Когда наступило время продажи этих часов, выяснилось, что часы — не золотые, а только позолоченные — это тоже одно из открытий моей юности. Но как бы то ни было, часы пережили разрухи, революцию и войны, пережили и лагерь — были со мной на Колыме, после освобождения, и вернулись в Москву, и живут до сих пор у меня[9].
IV
Крошечная казенная квартира из трех комнат и кухни для семьи из шести, а когда родился я — из семи человек[10], в казенном соборном доме для причта — старинной постройки, охраняемой государством сейчас — дом уцелел из-за близости к собору Ивана Грозного, к ценному архитектурному комплексу.
Устраивал он отца не только по своим архитектурным качествам.

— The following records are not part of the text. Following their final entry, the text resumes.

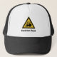 Triangle shaped yellow warning sign. Warning: Fork lift trucks and other industrial vehicles. Custom text.
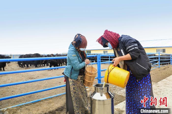 在畜棚外的柵欄里,母牛慵懶地反芻并守護(hù)著蹄下初生的牛犢,絲毫不因人員走動(dòng)而感到驚慌。從牧民變身飼養(yǎng)員的婦女們進(jìn)進(jìn)出出,忙碌著為欄里的牦牛添加飼料。
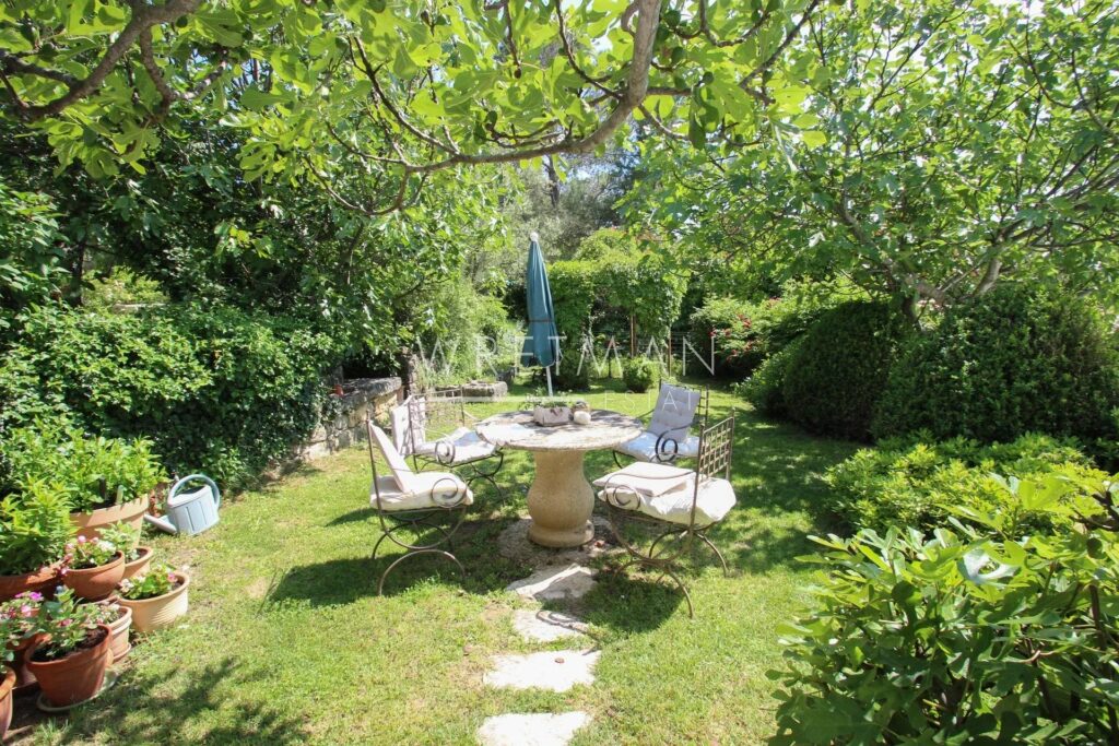 Stor hage på ca 4,5 mål med gamle oliventrær, pool, pool house, grill og boule-bane.
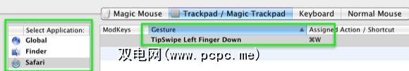 与SteerMouse一样,您可以将BetterTouchTool设置为仅执行特定操作在特定的应用程序中。因此,例如,您可以使用“ TipSwipe向左手指按下"来关闭Safari中的各个标签。
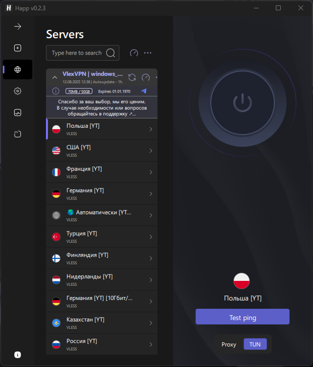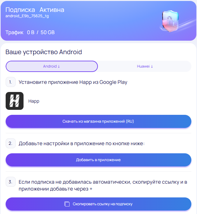 Теперь вы можете пользоваться Happ для безопасной работы в сети, общения и просмотра контента в стабильном и защищённом соединении.

Жизнь соборного священника, живущего на жалованье, а не на сбор подаяний во время «славленая», привлекала его, и ни старшие дети, ни я никогда к этой, стороне поповской жизни не обращались — отец просто выключал свою семью из разнообразного круга влияний специфического быта духовенства.
Вторым достоинством этой службы была близость к реке— от реки Вологды дом отделяла минута ходьбы, что отец — рыбак и охотник — считал весьма важным. Недалеко был и базар.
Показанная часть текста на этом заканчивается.